1854-02-28, de Louis Pasteur à A M. Sütterlin.

A M. Sütterlin 1.

Paris, 28 février 1854.

Mon cher Sütterlin, Depuis plusieurs jours, je remets à vous écrire. Vous savez que je suis à Paris pour trois mois au moins et que par conséquent, à mon grand regret, je suis forcé de vous abandonner.

Ma santé me donnait des inquiétudes depuis quelque temps et on m'a conseillé ici de m'éloigner de toute [mot illisible] jusqu'à nouvel ordre.

J'ai beaucoup réfléchi à l'embarras où je vous plaçais par suite de la détermination que j'ai dû prendre forcément. Je vais vous dire ce qui me paraîtrait le plus convenable que vous fassiez. Ce qui vous est surtout étranger en chimie, c'est la chimie organique. Assurément vous avez en chimie minérale et en analyse beaucoup à apprendre encore.Vous êtes cependant en état d'étudier facilement dans des ouvrages ce qui vous manque de ce côté, et pourvu que vous y mettiez la patience nécessaire vous arriveriez à mener à bonne fin, dès à présent, un très grand nombre d'analyses, sinon toutes. En chimie organique vous avez tout à faire.

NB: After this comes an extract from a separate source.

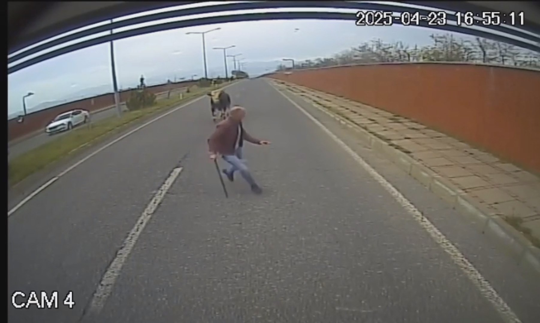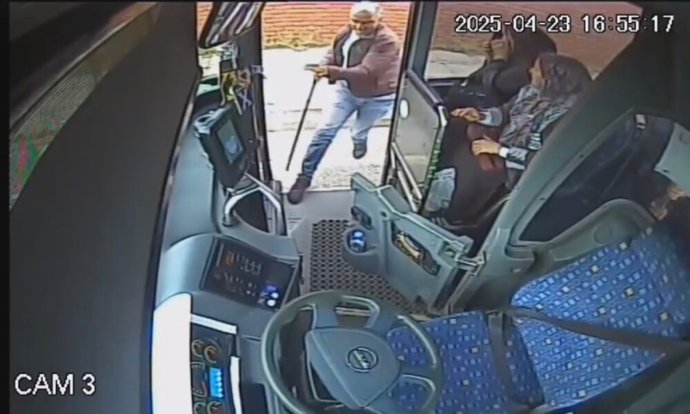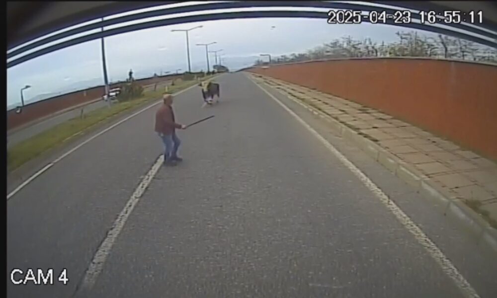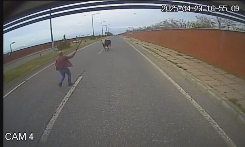 Olay, dün akşam saatlerinde Bingöl-Genç kara yolunda 49’uncu Tugay Kavşağı yakınında meydana geldi. Mahmut Bürkük, 12 M 0009 plakalı halk otobüsü ile İçmeler seferini yaparken yola boğa çıktı. Bürkük korna çalarak bekledi ancak boğa yoldan uzaklaşmadı. Bunun üzerine Mahmut Bürkük, boğayı yoldan çıkarmak için eline bir sopa alarak otobüsten indi. Ancak hayvan, kendisine yaklaşan Bürkük’e saldırıp, kovaladı. Büyük panik yaşayan Mahmut Bürkük koşarak otobüse binip, bölgeden uzaklaştı. O anlar, otobüsün araç içi kamerasına yansıdı.

C'était à cette partie que vous deviez consacrer le second semestre de cette année. Dans cet état de vos connaissances, voici le conseil que je vous donnerai si toutefois il peut agréer à votre famille. Je vous engagerais à venir à Paris après Pâques pour y rester jusqu'à la fin de juillet oU jusqu'au 15 août. Vous prendriez une petite chambre garnie, vos livres de chimie, et vous suivriez les cours de chimie organique que je vous indiquerais. Vous pourriez y joindre peut-être la fréquentation d'un autre cours d'analyses si je pouvais en découvrir un de ce genre, par exemple à l'Ecole centrale. Je ne vous l'assure pas. J'ignore la distribution des études dans le second semestre. Mais pour ce qui est des cours de chimie organique et d'un autre de minéralogie au Jardin des Plantes, je sais qu'ils s'ouvrent seulement à la 1 fin de mars ou au milieu d'avril.

Je dois vous dire tout de suite que la liberté forcée dont je jouis ici m'engage à suivre moi-même par distraction, autant que par désir de m'instruire, tous ces mêmes cours dont je vous parle. Nous nous verrions donc chaque jour et je vous donnerais tous les conseils dont vous auriez besoin pour comprendre et bien travailler les leçons que nous entendrions ensemble.

Tous ces cours sont publics. Vous n'auriez donc d'autres dépenses que celles de votre chambre et de votre nourriture.

Tout ce que je ferais pour vous serait sur le compte d'une bonne amitié et entièrement gratuit. Vous n'auriez pas, il est vrai, les ressources d'un laboratoire. Mais vous verriez cependant que votre temps serait bien occupé, et vous n'en deviendriez que plus fort théoriquement sauf plus tard à revenir pratiquement sur un certain membre de préparations importantes dont vous auriez pris note chemin faisant. Si vous désiriez prendre en dehors de ce travail bien suffisant quelques leçons de mathématiques ou autres, je vous donnerais (surtout pour ce qui est des mathématiques) d'excellentes indications. Je connais ici beaucoup de bons professeurs. Voilà mon conseil. Réfléchissez-y et écriveznioi quelques mots de réponse.

Recevez, mon cher élève, l'expression des sentiments d'estime et d'affection de votre tout dévoué, L. PASTEUR.

Rappelez-moi, je vous prie, au bon souvenir de votre excellente famille.

P.-S. — Vous voyez d'après ma lettre que je ne compte pas retourner à Strasbourg dans trois mois. C'est en effet vrai. Mais je vous le dis tout confidentiellement.